On Friday, January 30, the week wraps up with reports from SoFi Technologies Inc. (SOFI), Exxon Mobil Corporation (XOM), Verizon Communications Inc. (VZ), Chevron Corporation (CVX), American Express Company (AXP), Regeneron Pharmaceuticals Inc. (REGN), Colgate Palmolive Company (CL), Air Products and Chemicals Inc. (APD), Charter Communications Inc. (CHTR), Canadian National Railway Company (CNI), LyondellBasell Industries NV (LYB), Franklin Resources Inc. (BEN), Church and Dwight Co. Inc. (CHD), Brookfield Renewable Corporation (BEP), Aon plc (AON), Sumitomo Mitsui Financial Group Inc. (SMFG), and Imperial Oil Limited (IMO). Analysts expect Exxon Mobil to report earnings of about $1.70 per share on $80.67 billion in revenue, while Chevron is forecast at $1.43 per share on $46.88 billion.

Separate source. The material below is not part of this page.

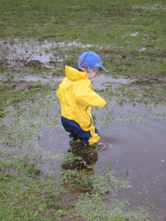 Child enjoys a puddle in Vancouver, B.C., Canada.

Ex-Dividend Dates This Week

Several large companies will trade ex-dividend during the week.

Monday, January 26:
Royal Bank of Canada (RY) will go ex-dividend with a $1.18 payment next month. Invesco Mortgage Capital Inc. (IVR) follows with a $0.12 dividend payable in 20 days. USA Compression Partners LP (USAC) plans a $0.53 distribution in 13 days, while Diversified Healthcare Trust (DHC) plans a $0.01 distribution in 26 days. Seven Hills Realty Trust (SEVN) will pay $0.28 in 26 days.

Tuesday, January 27:
Conagra Brands Inc. (CAG) trades ex-dividend at $0.35 with a payment next month. Carpenter Technology Corporation (CRS) follows with a $0.20 payout next month, while Metropolitan Bank Holding Corp. (MCB) offers $0.20 in 13 days.

Wednesday, January 28:
The Clorox Company (CLX) will go ex-dividend at $1.24, with payment in 20 days. Paychex Inc. (PAYX) follows with a $1.08 payout next month, while Cal-Maine Foods Inc. (CALM) plans a $0.72 distribution in 19 days.

Thursday, January 29:
Constellation Brands Inc. (STZ) trades ex-dividend at $1.02 with payment in 19 days. Fastenal Company (FAST) follows with a $0.24 payout next month, while Marsh and McLennan Companies Inc. (MMC) will distribute $0.90 in 20 days.

Friday, January 30:
Caseys General Stores Inc. (CASY) goes ex-dividend at $0.57 with a payment in 20 days. Concentrix Corporation (CNXC) follows with a $0.36 payout in 17 days, while Whitecap Resources Inc. (WCPRF) plans a $0.04 distribution in 24 days.